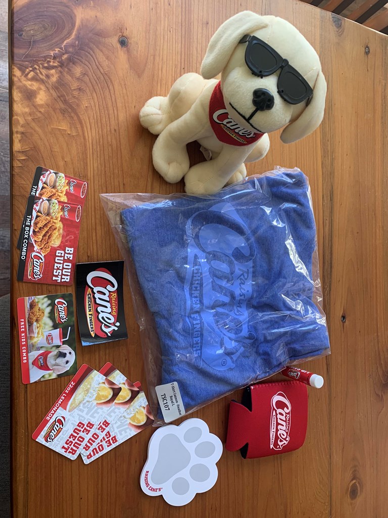 Canes Gift set- Cane's T-shirt, koozie, Cane's chapstick, Cane plushie, 1 kid's combo, 3-box combos, Cooler, and Magnet. If purchased online, please text 985-273-2235 to schedule a pickup at Walker High School.
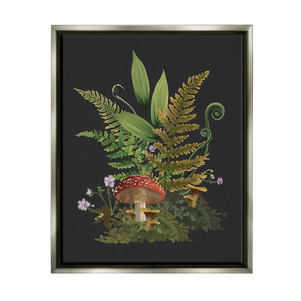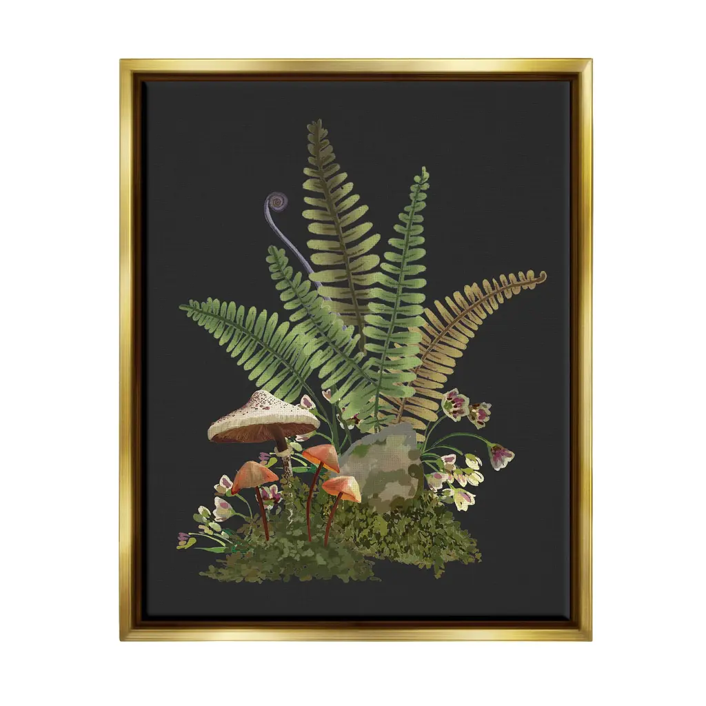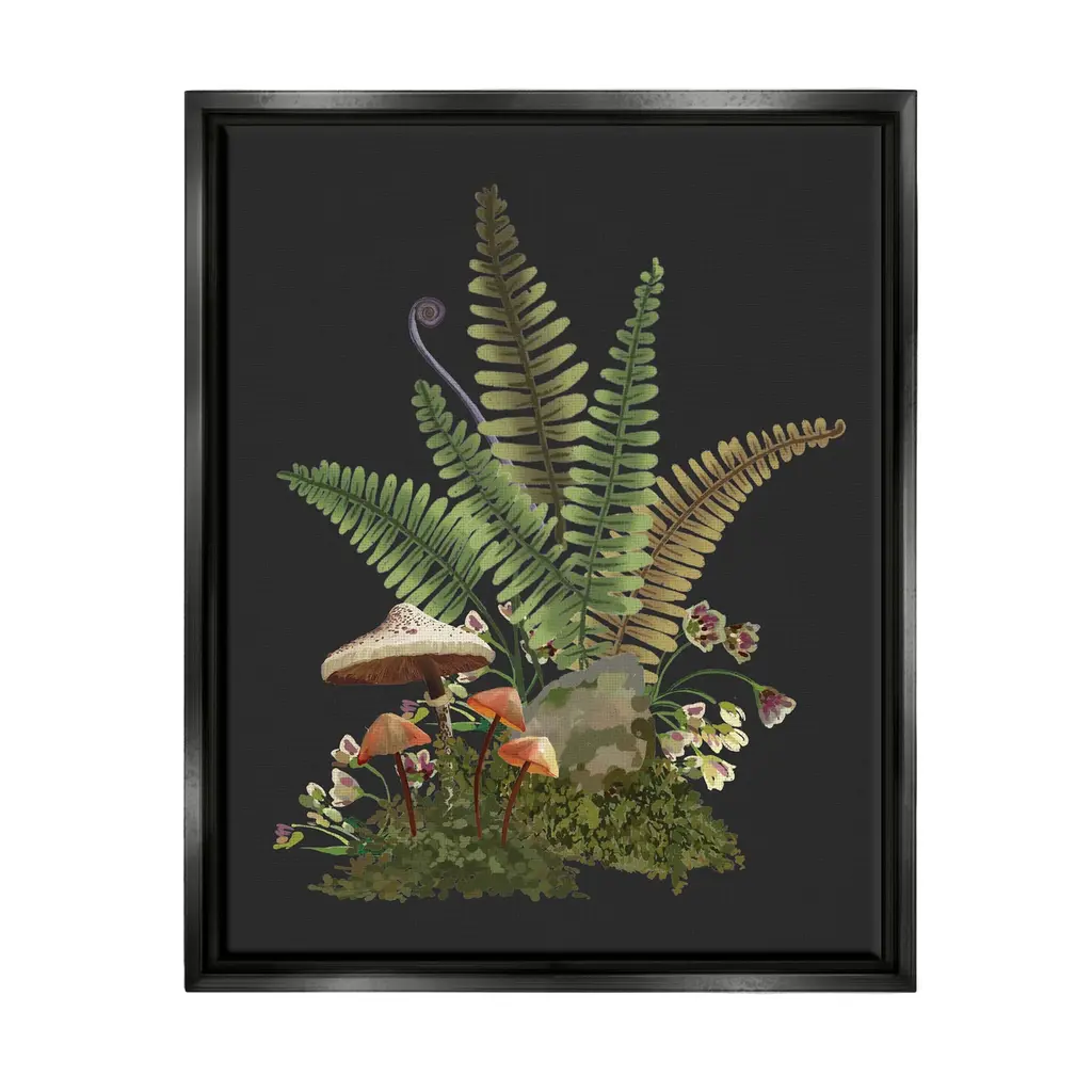 Elevate your home or office to the next level with Stupell Framed Floating Canvas Wall Art. Our premium hand stretched canvas is mounted securly into a sturdy lightweight frame. The museum style gap between wrapped canvas and box frame gives the illusion of floating artwork. Features: Dimensions: 17 x 1.7 x 21 Frame, 16 x 1.5 x 20 Canvas ArtFloating Frame Sizes Include Standard: 17 x 1.7 x 21 Oversized: 25 x 1.7 x 31Wall Art is Ready to Hang - No Installation or Hardware Needed. For Easy Set Up Lean or Layer Artwork on Shelf or Against Wall.Our elevated 1.7" Thick Floating Frame is the perfect complement to our canvas style Wall Art. We use only the highest quality inks in house with industry leading printing solutions. Canvas is hand stretched over a durable wood foundation and then mounted securly into a Modern Box Frame. Made in the USA.Artwork Relates To: Plant, Fern, Flower, Fungus, Leaf, Floral, Herb, Forest, Woodland, MushroomDesign by House of Rose
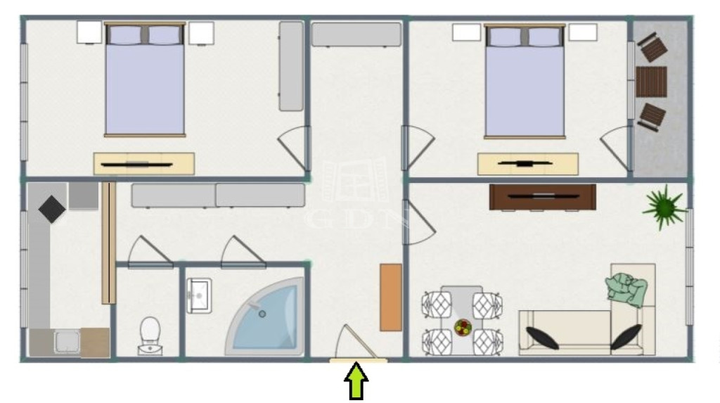 Tágas nappali, két külön nyíló háló, ablakos konyha és erkély biztosítja a kényelmet és a jól élhető tereket.

> [Requirement]
With the pictures omitted, give every line above again exactly.

> [Response]
 Canes Gift set- Cane's T-shirt, koozie, Cane's chapstick, Cane plushie, 1 kid's combo, 3-box combos, Cooler, and Magnet. If purchased online, please text 985-273-2235 to schedule a pickup at Walker High School.
 Elevate your home or office to the next level with Stupell Framed Floating Canvas Wall Art. Our premium hand stretched canvas is mounted securly into a sturdy lightweight frame. The museum style gap between wrapped canvas and box frame gives the illusion of floating artwork. Features: Dimensions: 17 x 1.7 x 21 Frame, 16 x 1.5 x 20 Canvas ArtFloating Frame Sizes Include Standard: 17 x 1.7 x 21 Oversized: 25 x 1.7 x 31Wall Art is Ready to Hang - No Installation or Hardware Needed. For Easy Set Up Lean or Layer Artwork on Shelf or Against Wall.Our elevated 1.7" Thick Floating Frame is the perfect complement to our canvas style Wall Art. We use only the highest quality inks in house with industry leading printing solutions. Canvas is hand stretched over a durable wood foundation and then mounted securly into a Modern Box Frame. Made in the USA.Artwork Relates To: Plant, Fern, Flower, Fungus, Leaf, Floral, Herb, Forest, Woodland, MushroomDesign by House of Rose
 Tágas nappali, két külön nyíló háló, ablakos konyha és erkély biztosítja a kényelmet és a jól élhető tereket.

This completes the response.